Look at some of the attributes of love as expressed in 1 Corinthians 13. Which ones might you find the most difficult to reveal in your own life? Perhaps you tend toward impatience, toward pride, or toward evil surmising—or even all these things. How can you be changed? Look up John 15:5. What is Jesus saying here that offers us the hope that we, too, can reflect agape love in our own lives?  




THURSDAY

July 1

God Always Comes First (Luke 14:26).

Living as a Christian is a matter of getting our priorities right. A life in which we and our own interests come first is not a Christian life but a pagan existence. We will need to remember this constantly during the coming weeks as we study various interhuman relationships.

In what provocative way did Christ emphasize the need to prioritize our relationships? Matt. 10:37, Luke 14:26. What do you believe that Jesus was telling us with these words?  
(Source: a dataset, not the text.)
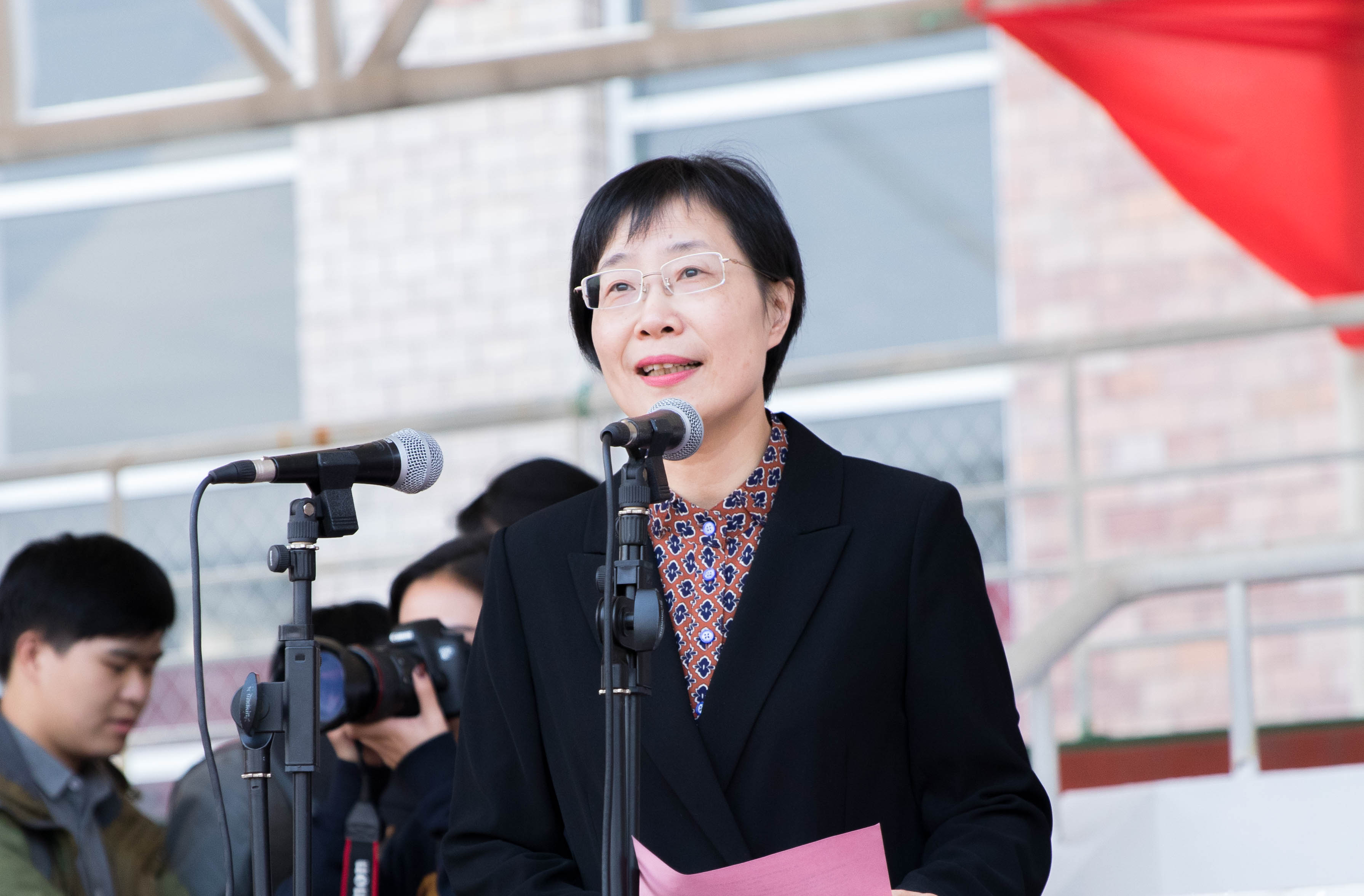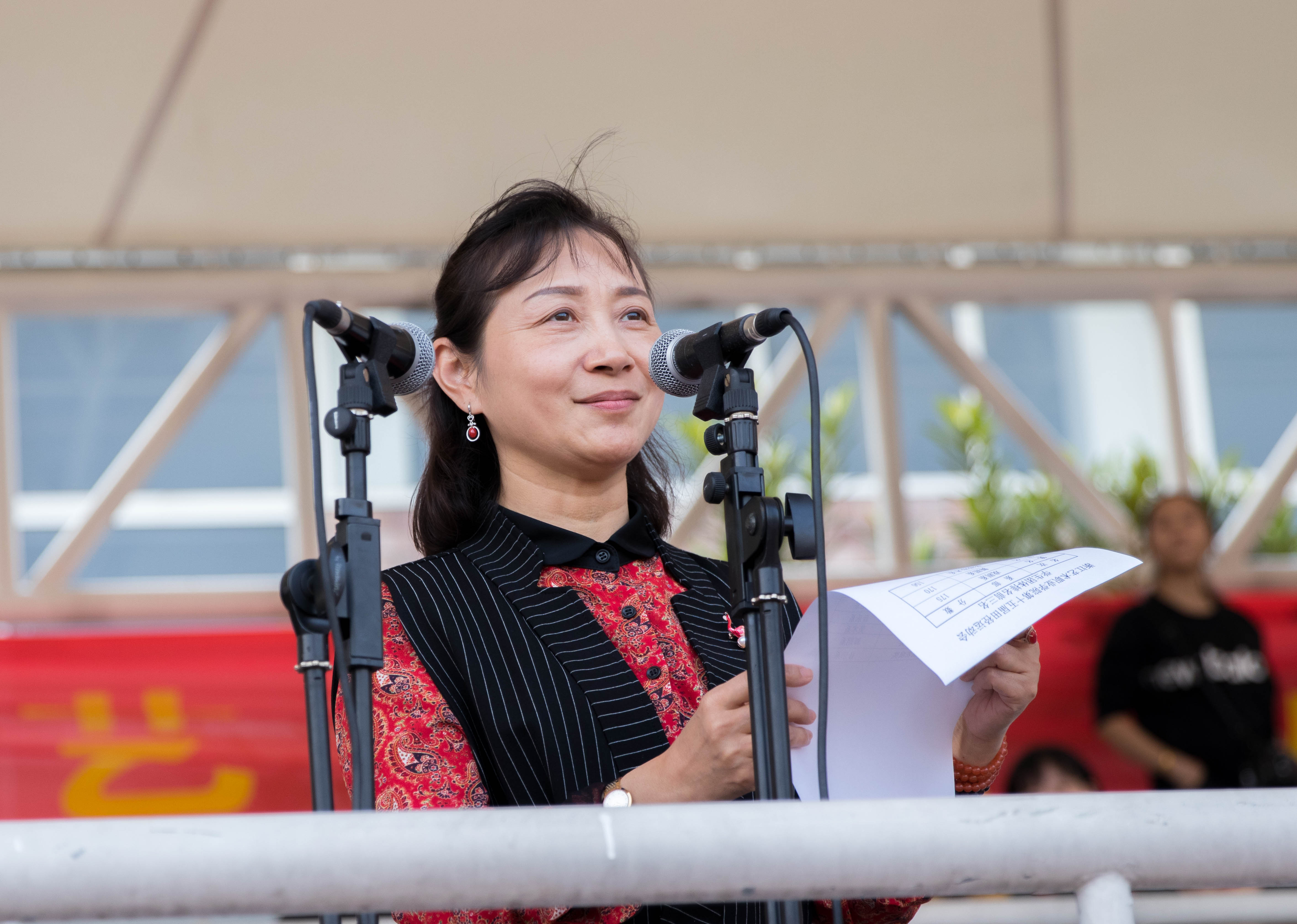 校党委书记朱海闵致闭幕词。她代表学校向在本届运动会中取得优异成绩的代表队和运动员们表示热烈的祝贺。向为本届运动会付出辛勤努力的所有工作人员、学生志愿者们表示衷心的感谢。她引用习近平总书记在全国教育大会上指出的“要树立健康第一的教育理念,开齐开足体育课,帮助学生在体育锻炼中享受乐趣、增强体质、健全人格、锤炼意志”来强调体育锻炼与个人修养的密切关系。她表示,每年一届的田径运动会是学校加强体育工作的重要载体和展示窗口,目的是要在全校上下营造浓厚的体育氛围,让全体师生养成良好的体育锻炼习惯,用“更快、更高、更强”的体育精神去披荆斩棘,不断向前。她指出,比赛定格一瞬间,青春飞扬心永恒。运动会虽然只有短短两天,但我们每一次的出发、奔跑、腾跃、冲刺,无一不是挥洒激情、展示青春、突破自我的有力见证。有人收获奖牌和荣誉,有人得到经验和教训,每个人都将培养出永不服输、奋勇争先的拼搏精神。运动会给予我们的真正意义是一种积极向上的态度、一种势在必得的力量、一种顽强奋斗的品质、一股永不磨灭的精气神。她希望广大师生不忘初心,牢记使命,在学校推进高水平建设、高质量发展的新征途中继续把奋勇拼搏、力争上游的精神传承并发扬光大。

What does it mean that we are to hate our loved ones for the sake of Christ? "Scripture usage makes it clear that this is not 'hate' in the usual sense of the word. In the Bible, 'to hate,' often should be understood simply as a typical Oriental hyperbole meaning 'to love less' (see Deut. 21:15-17). . . . Whoever has personal interests that take precedence over loyalty to Christ and devotion to His service will find it impossible to meet the requirements Christ makes of him. At all times and under all circumstances the call of the kingdom must take precedence."—The SDA Bible Commentary, vol. 5, pp. 811, 812.  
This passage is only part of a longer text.